The government approves the final draft of the state financial statement; problems with EU funding could increase the state budget by nearly 33 billion; the Finance Ministry is set to issue household bonds pegged to the inflation rate; Czech arms manufacturers can now compete for US tenders; Czechs are drinking less beer than ever before.
Government approves final draft of state financial statement
The government approved the final draft of the state financial statement this week. According to the statement, the national budget posted a 142.8 billion crown deficit in 2011. The original plan anticipated a 135 billion budget deficit, the difference being put down to problems with drawing subsidies from European funds. The Czech Republic's public finance deficit dropped to 3.1% of the gross domestic product last year, 0.6 points less than the government projection of 3.7%. Nonetheless, Prime Minister Nečas noted that this was no reason to rejoice, saying the public finance deficit was better because of decreased investment activity on the part of municipalities and universities. He added that it was clear that efforts aimed at fiscal austerity must continue.
Problems with EU funding could increase state budget by nearly 33 billion
The aforementioned problems with drawing money from EU funds could increase expenditures in the state budget by up to 32.6 billion crowns. An analysis from the Regional Development Ministry taken up by the government this week showed that roughly 17 billion crowns worth of expenditures cannot be covered from the EU because of irregularities – i.e. grants that the state may have to cover because they are suspected of having been paid out improperly. More than 61 million in improper grants have been ruled out by the EC already. The rest of the amount consists of expenditures that the country will not ask the EU to cover in the end – projects such as transportation work that went over budget due to overtime, for example.
Finance Ministry to issue household bonds pegged to inflation rate
The Finance Ministry intends to issue new bonds for households with interest rates pegged to the rate of inflation. The bonds, worth 10 to 20 billion, will be issued in June and will have maturities of seven to eight years. Finance Minister Miroslav Kalousek said this week that he wanted to offer the middle class protection from inflation. The bonds will not bring any yield, but will be the only product with which the state guarantees that savings will not be devaluated. According to the ministry’s latest forecast, the average inflation rate should reach 3.3% this year and 2.3% next year. Last autumn the ministry tested household bonds worth 10 billion which have proved immensely popular.

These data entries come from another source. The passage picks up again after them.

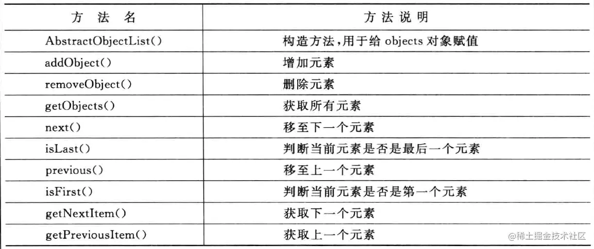 (3)如果将所有的遍历操作都交给子类来实现,将导致子类代码过于庞大,而且必须暴露AbstractObjectList类的内部存储细节,向子类公开自己的私有属性,否则子类无法实施对数据的遍历,将破坏AbstractObjectList类的封装性。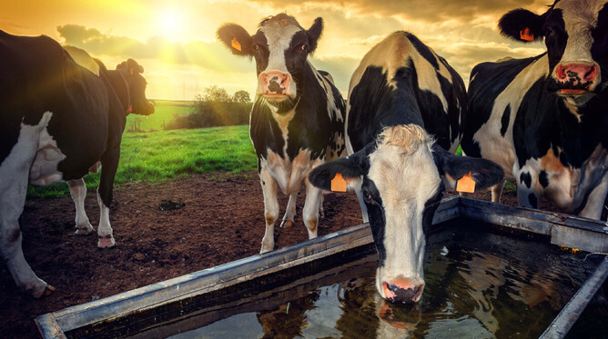 The first sign of heat stress in dairy cows is clustering around the water trough or forming large groups as they try to get shade from each other’s bodies.
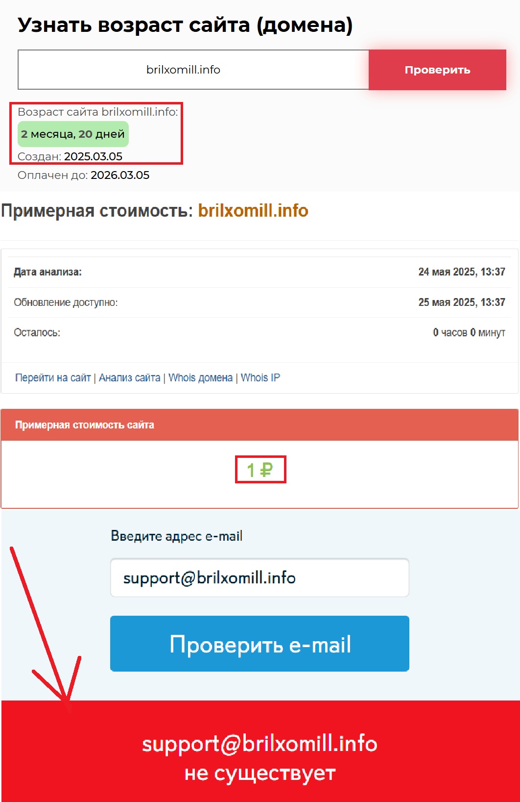 Теперь — немного цифр. И они, как это ни странно, тоже играют против Brilxomill. Сайт зарегистрирован 2 месяца и 20 дней назад, то есть 5 марта 2025 года. Согласитесь, это явно не срок работы серьезного проекта. И, что особенно забавно, домен куплен за символическую сумму — ровно один рубль. Вы бы стали доверять свои деньги компании, для которой даже имя в интернете стоит меньше чашки кофе?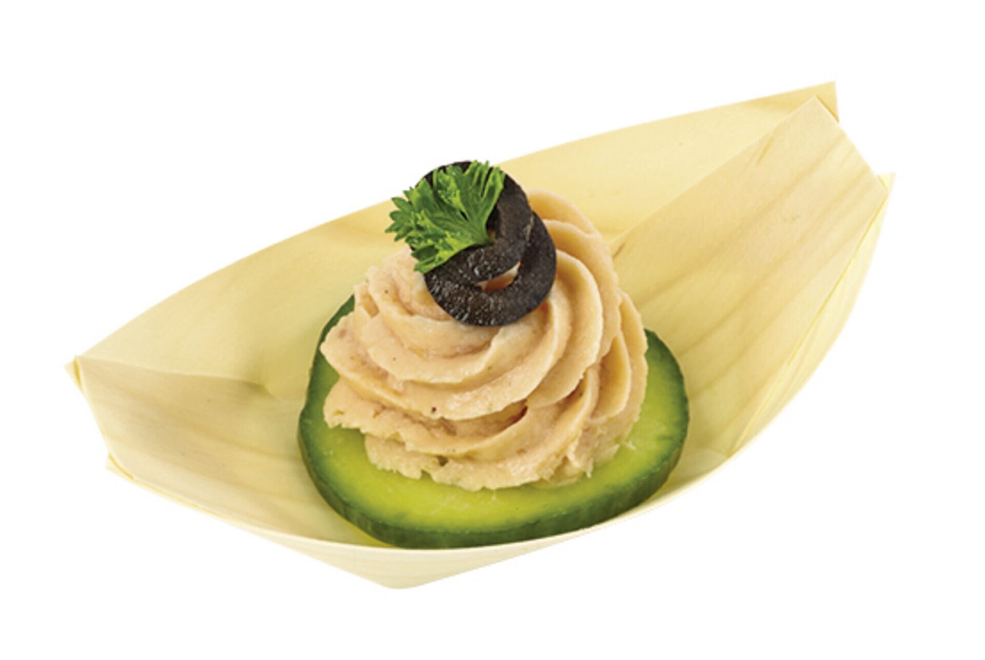 Pinienholz. Kompostierbar, temperaturbeständig: 80° C. Nicht geeignet für Backofen, Mikrowelle und Tiefkühlung. Im 100er Pack.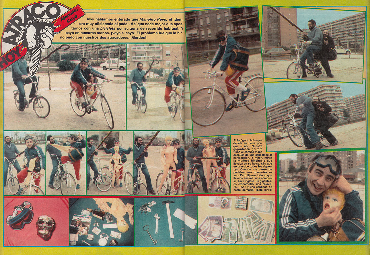 Otra de las secciones estrella fue "Atraco". Consistía en vaciar el bolso o los bolsillos del personaje entrevistado. En esta ocasión le tocó al humorista Manolito Royo. Siempre sospeché que este atraco no lo era tanto, ya que la supuesta víctima sabía perfectamente de lo que se trataba y llevaba a la entrevista lo que le daba la gana mostrar. En el ejemplo de esta semana, una llave inglesa, una muñeca hinchable, una compresa y mucho dinero.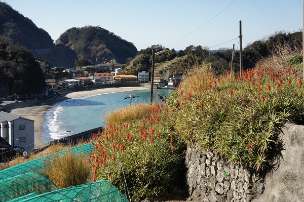 - 町内各所にあるアロエが赤い花を咲かせ、見頃を迎えています。写真は岩地地区のアロエです。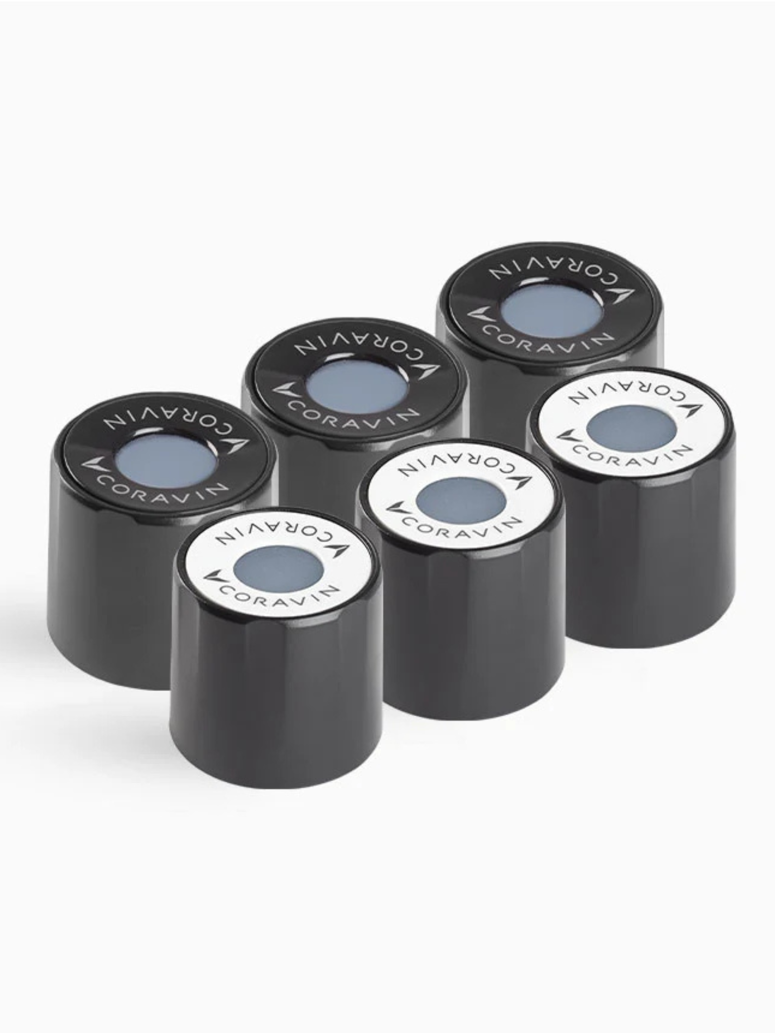 Ce coffret comprend les Coravin Screw Caps en deux tailles : 3 Standard (compatibles avec la plupart des bouteilles à bouchon à vis) et 3 Large.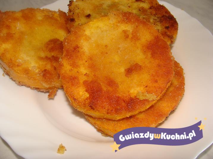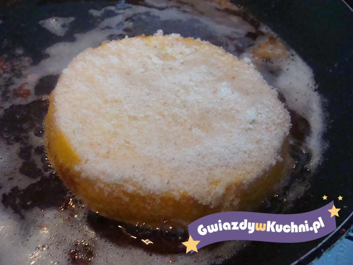 Nieobrane cukinie pokroić na talarki. Jajko roztrzepać. Cukinie posolić i posypać pieprzem, a następnie panierować w mące, jajku i tartej bułce. Smażyć całość na tłuszczu z obu stron.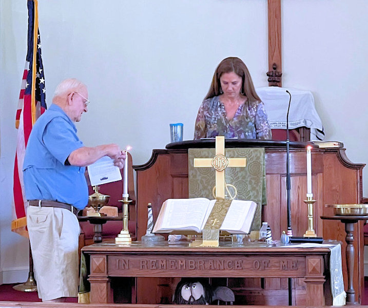 BulletinThis page has many photos and nearly all of the recorded audio from this Service. Clicking on a photo will display a larger version of the photo. Use your browser's "back arrow" to return to this page. Click on asymbol to begin playing a recording in a separate window or tab of your web browser. While the recording is playing you can return to this page by choosing its Window or Tab of your web browser. It is best to end the playing of a recording and stop its Window or Tab before starting to play another recording.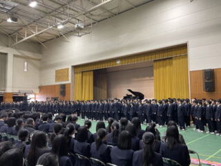 2月28日に「六年生を送る会」を実施しました。今年は中学1年生と2年生に加えて、高校2年生も学年合唱を披露しました。中学3年生、高校1年生、高校2年生の3つの学年は、芸術の授業で培ってきた技術を使ってそれぞれの形で卒業生を送り出しました。音楽選択者は合同合唱を披露し、書道選択者は自身で書いた書を卒業生のHR教室に展示しました。また、美術選択者は切り絵を用いて高校昇降口を装飾しました。体操部やダンス部、吹奏楽部、バンド団体のパフォーマンスも大いに会場を盛り上げました。『名探偵コナン』を題材にした教員劇は、44回生の先生方のカラーと生徒を愛する気持ちに溢れた舞台となり、生徒たちは大喜びでした。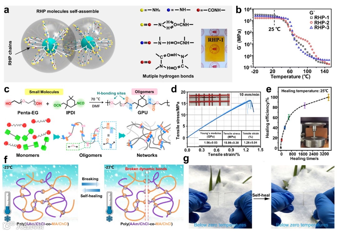 合成聚合物自20世纪初商业化以来,已成为现代工程材料的重要组成部分。在过去的几十年里,高性能聚合物复合材料以其理想的力学性能、韧性和热稳定性被广泛应用于航空航天工程、智能电子、智能建筑和其他高科技领域。近年来,能够反复自愈物理损伤并恢复机械性能的聚合物引起了广泛关注。根据自我修复机制,自愈聚合物可分为外在修复型和本征修复型。外在自愈聚合物依赖于聚合物基质中的预嵌入微胶囊/纳米胶囊或血管网络,这些微胶囊/纳米胶囊或血管网络只允许聚合物进行有限次数的修复。更重要的是,由于聚合物基质和修复剂之间的内在差异,外在自修复聚合物不能解决结构损伤导致的功能退化。相比之下,基于动态共价键自组装策略或超分子动态化学的本征自愈聚合物引起了相当大的关注,因为它们不仅避免了修复剂复杂的整合和相容性考虑,而且还提供了可重复的自修复。在各种超分子化学中,具有可逆性、方向性和高单位体积浓度的氢键已成为自愈合聚合物最具吸引力的发展方向之一。在此,南京林业大学化学工程学院中比先进生物医用材料国际联合实验室黄超伯教授和熊燃华教授团队在《Materials Horizons》上发表了题为“Self-healing polymers through hydrogen-bond cross-linking: synthesis and electronic applications”的综述文章,回顾了基于不同氢键类型设计高性能自愈聚合物的最新进展,讨论了氢键基自愈聚合物结构设计对其机械性能和愈合效率的影响,总结了如何利用基于氢键的自愈聚合物制备可自愈的智能电子器件(包括能量收集器件、储能器件和柔性传感器件)(图1)。南京林业大学化学工程学院黄超伯教授、熊燃华教授以及青年教师朱苗苗为论文的通讯作者。该研究得到了国家自然科学基金、江苏省自然科学基金和江苏省研究生科研实践创新等项目的资助。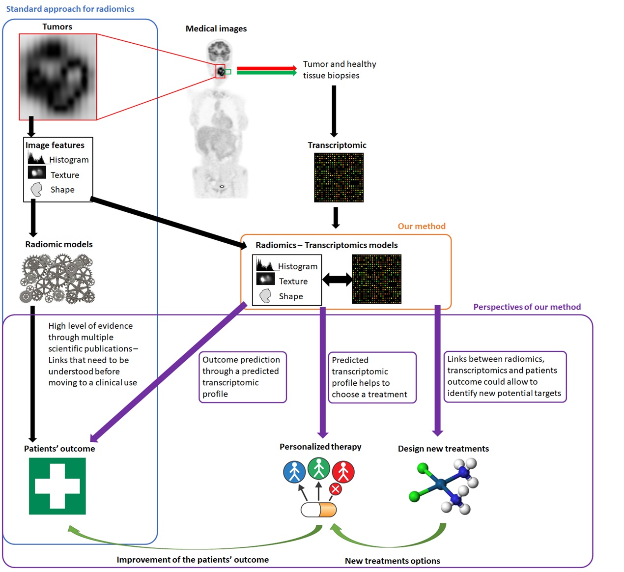The interest for radiomics has raised exponentially (from 2 publications in 2012 up to more than 700 in 2019, according to Web of Science), with a strong increase in the confidence level of the clinical value of radiomics, thanks to improvements in methodology and use of increasingly larger cohorts of patients. However, the limited ability of clinicians to translate radiomic features into biological processes is a major limitation for integration in routine clinical practice. Indeed, radiomic features can capture details in images that the naked eye, even the expert one, cannot necessarily appraise. Hence, our results help understanding the radiomics prognostic and predictive value observed in previous studies. They also strengthen the value of radiomics as a promising approach to personalize treatments through targeting tumor-specific molecular processes. We can foresee the possibility, that routinely acquired medical images may ideally complement a clinical evaluation with radiomics-based interpretation of the underlying activity of gene expression pathways. This should in turn allow to select the most appropriate therapy treatment as well as to predict outcome. The method we developed has several advantages. Firstly, we performed the analyses with no a priori consideration of the gene expression patterns from previous knowledge. Consequently, this approach could allow discovering potential new targets for the design of innovative treatments. Secondly, the approach provides a biological meaning for the radiomic signatures, which may in turn allow moving a step further towards the potential use of radiomics in clinics.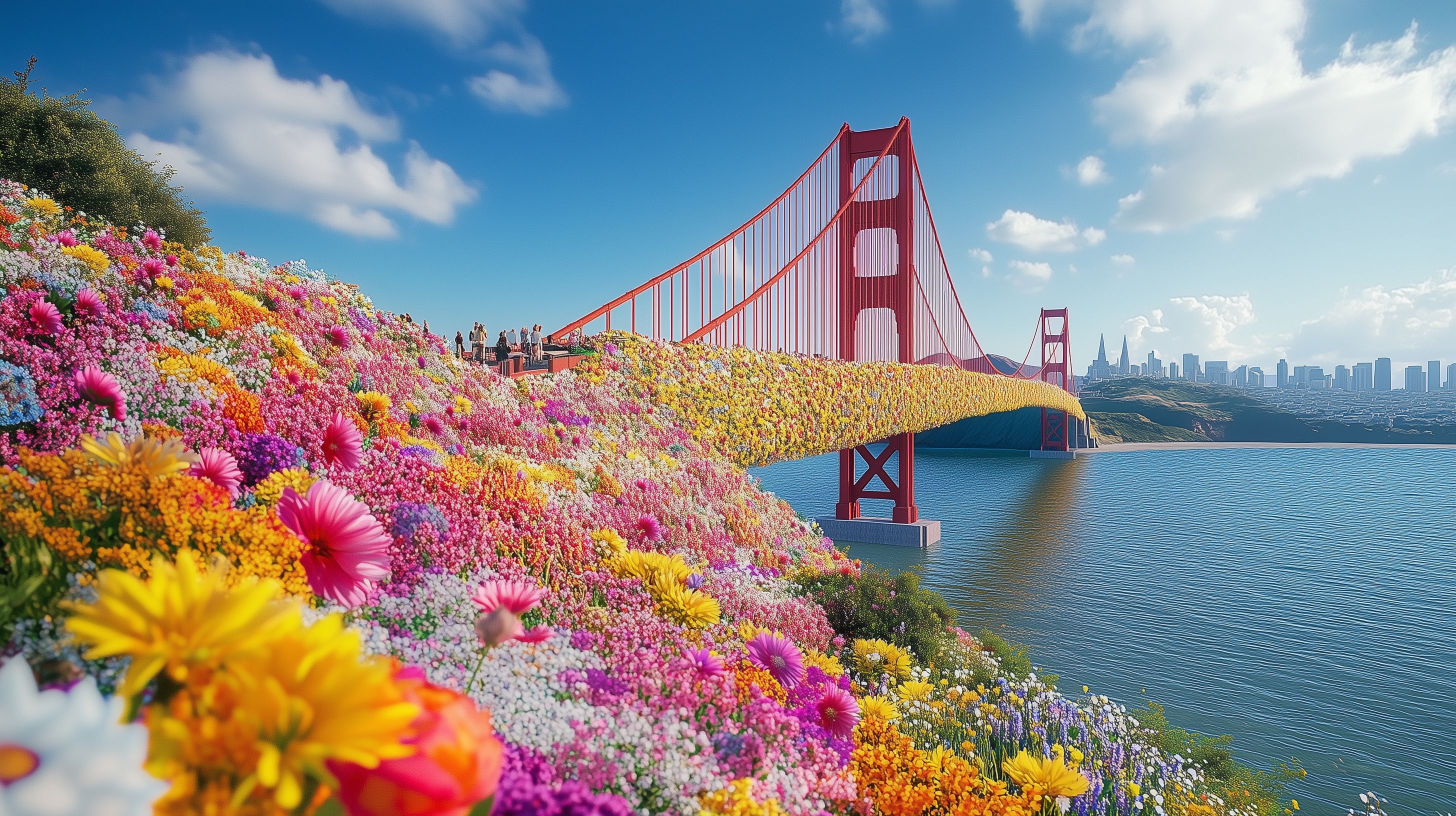 Dieses beeindruckende Foto zeigt den ikonischen Blick auf die Goldene Brücke in San Francisco, umgeben von einer prachtvollen Blumenlandschaft. Die Brücke erstreckt sich über die Bucht, während im Vordergrund ein Meer an bunten Blüten in Gelb, Orange, Rosa und Lila die Szene schmückt. Im Hintergrund ist die Skyline von San Francisco zu sehen, die den imposanten Rahmen für dieses idyllische Bild bildet. Es handelt sich um ein kostenloses Stockfoto in hoher Auflösung, das unter der Creative-Commons-Lizenz veröffentlicht wurde und sich hervorragend für die Verwendung in Blogs, Newslettern, Social-Media-Beiträgen oder Werbekampagnen eignet.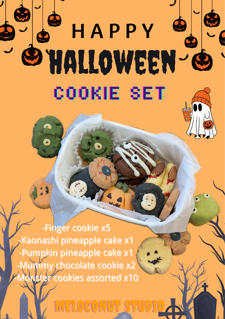 5pcs Finger Cookies, 1 pc Kaonashi Pineapple Cake, 1pc Pumpkin Pineapple Cake, 2pcs Mummy Chocolate Cookies and 10 pcs Monster Assorted Cookie.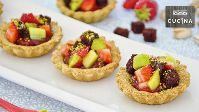 Le tartellette al pistacchio sono dei pasticcini golosi e leggeri realizzati con una pasta frolla al pistacchio (senza burro e uova) farcita con confettura di fragole, macedonia e cubetti di torta al cioccolato.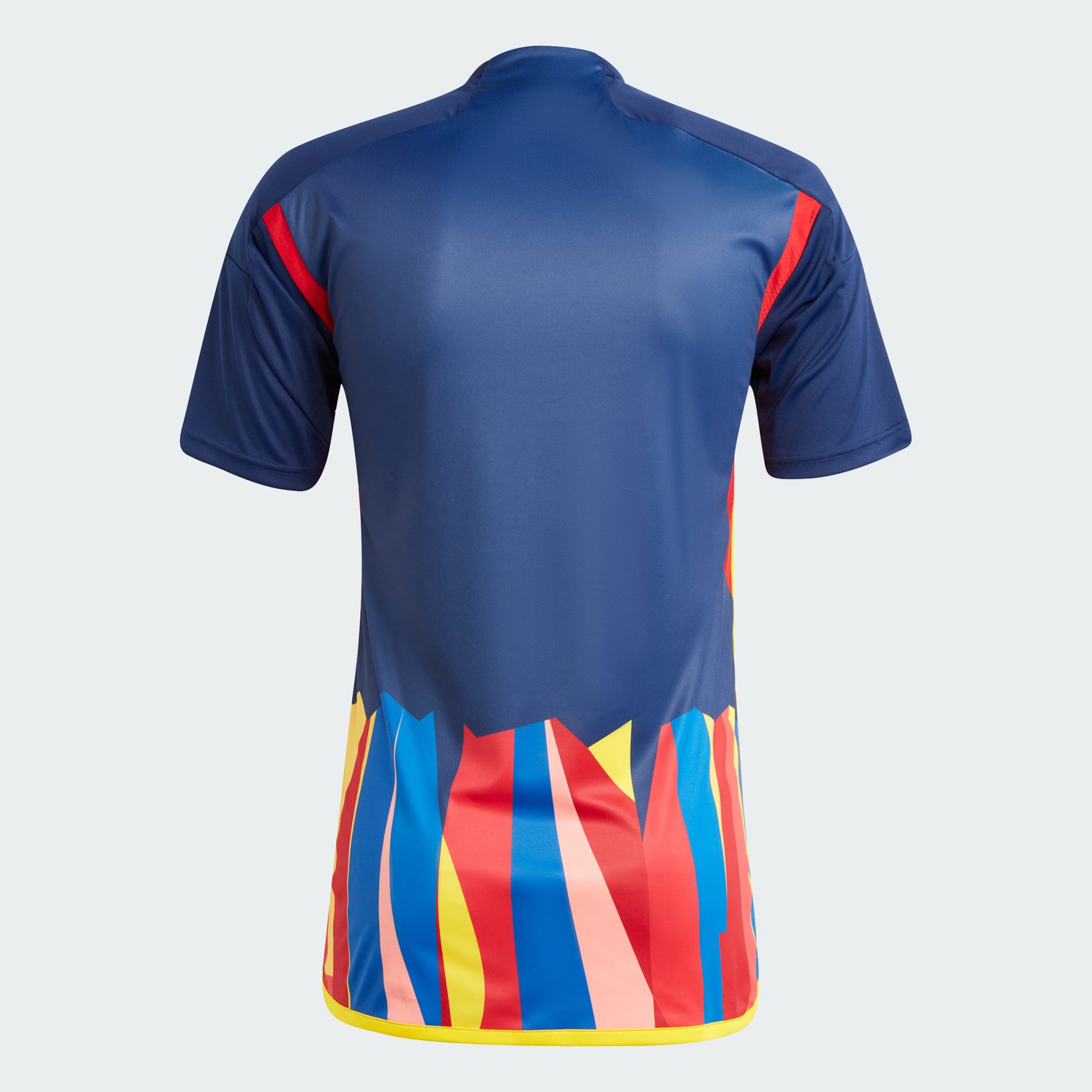 Poter, renowned for his street and abstract art, infuses the jersey with his signature pop style using vivid colours and geometric patterns.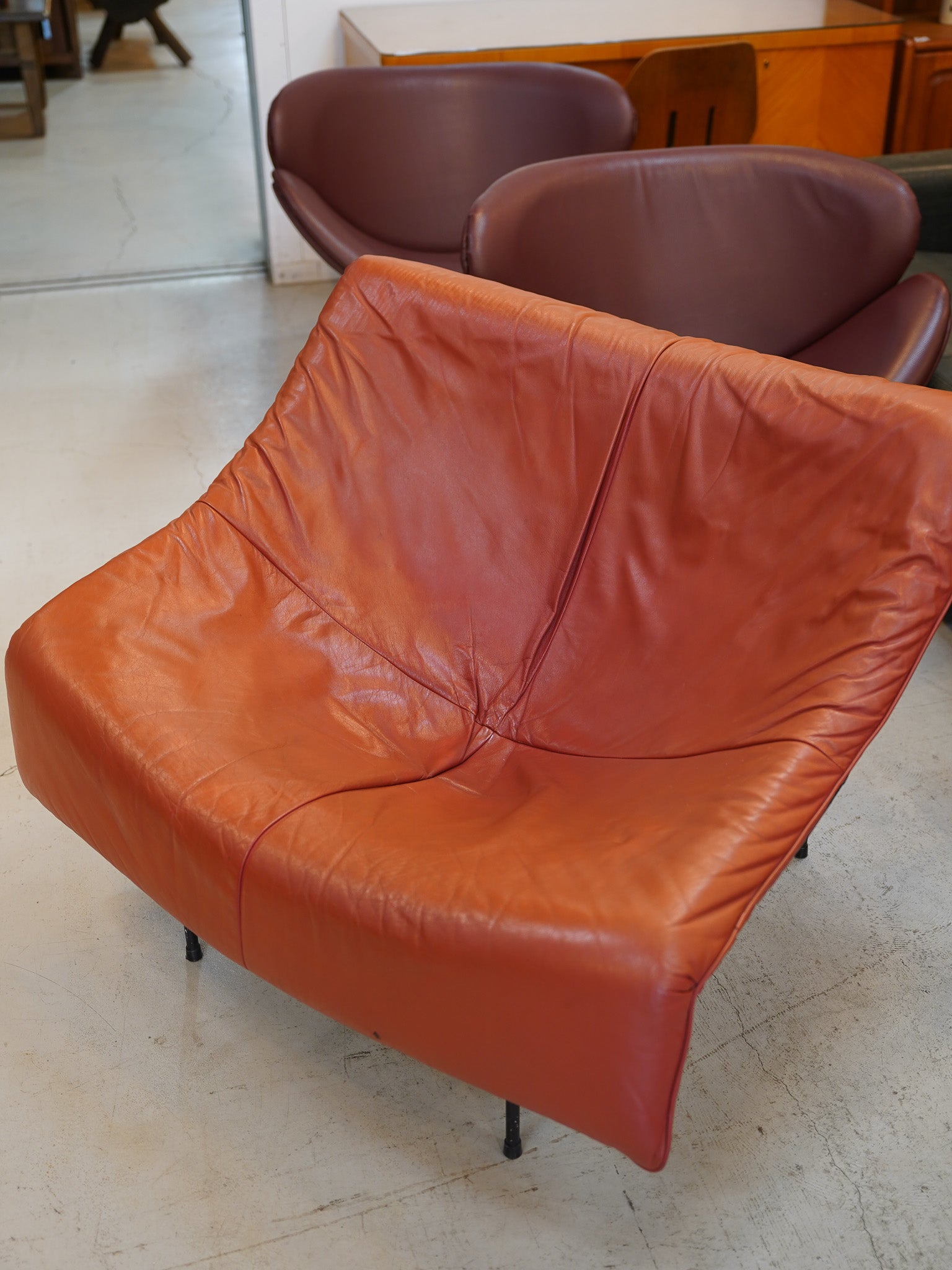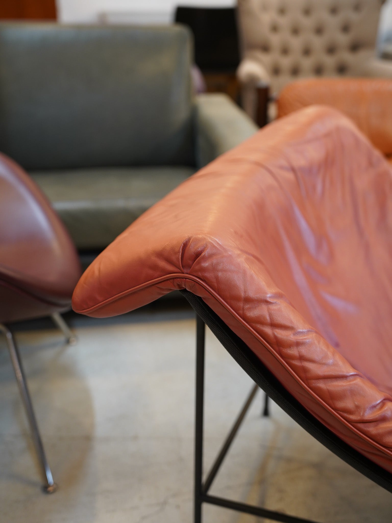 張り地には、使い込まれた上質なレザーが使用され、その豊かなシワや光沢がヴィンテージならではの深い味わいを醸し出します。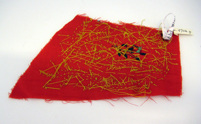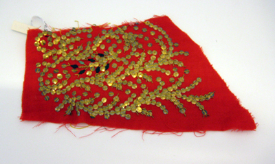 Trapetsformat fragment av röd kashmir. På tyget förekommer ett broderi av förgyllda paljetter föreställande bladoch rankor samt små blad av svart och grön silketråd.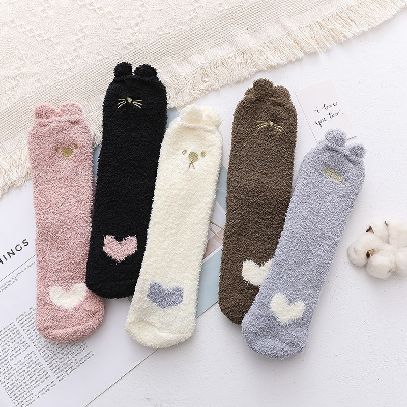 Coral Suede Socks Woman Spring Autumn Winter Warm Cute Sleeping Home Floor Moon Postpartum Furry Mid-Tube Socks

Czech arms manufacturers can compete for US tenders
Czech arms manufacturers and others serving the defence industry will now be able to compete for tenders in the largest of all such markets – the USA. As per an agreement signed this week by Czech Defence Minister Alexandr Vondra and his American counterpart Leon Panetta Czech entities can now make their bids directly – previously, American legislation required that offers be accepted primarily by US companies, which meant that Czechs and others could only acquire subcontracts. Mr Vondra called the agreement the most important step the country has made in its relations with the US in the last year, noting that of the 20 countries with which the US has signed similar agreements, the Czech Republic and Poland are the only ones from the former Soviet bloc. At the same NATO conference the Czech and American foreign ministers also met to discuss the American company Westinghouse’s bid for the completion of the Temelín nuclear power plant.
Czechs drinking less beer than ever before
Though you wouldn’t know it by the packed beer gardens, Czechs are apparently drinking less brew than ever before. According to an analysis from the Czech Statistical Office, while every (statistical) person in the Czech Republic drank a record 164 litres of beer a year in 2005, that amount fell to less than 145 litres in 2010 – a record low. The Czech association of brewers has noted the same trend: their research show that the average weekly consumption of 9.5 mugs (half-litres) among Czech men in 2007 fell to 7.7 last year. That is of course not to say that Czechs are drinking any less. Winemakers are still revelling in a 20-year steady rise in consumption, which peaked in 2010 at 19.4 litres per person per year.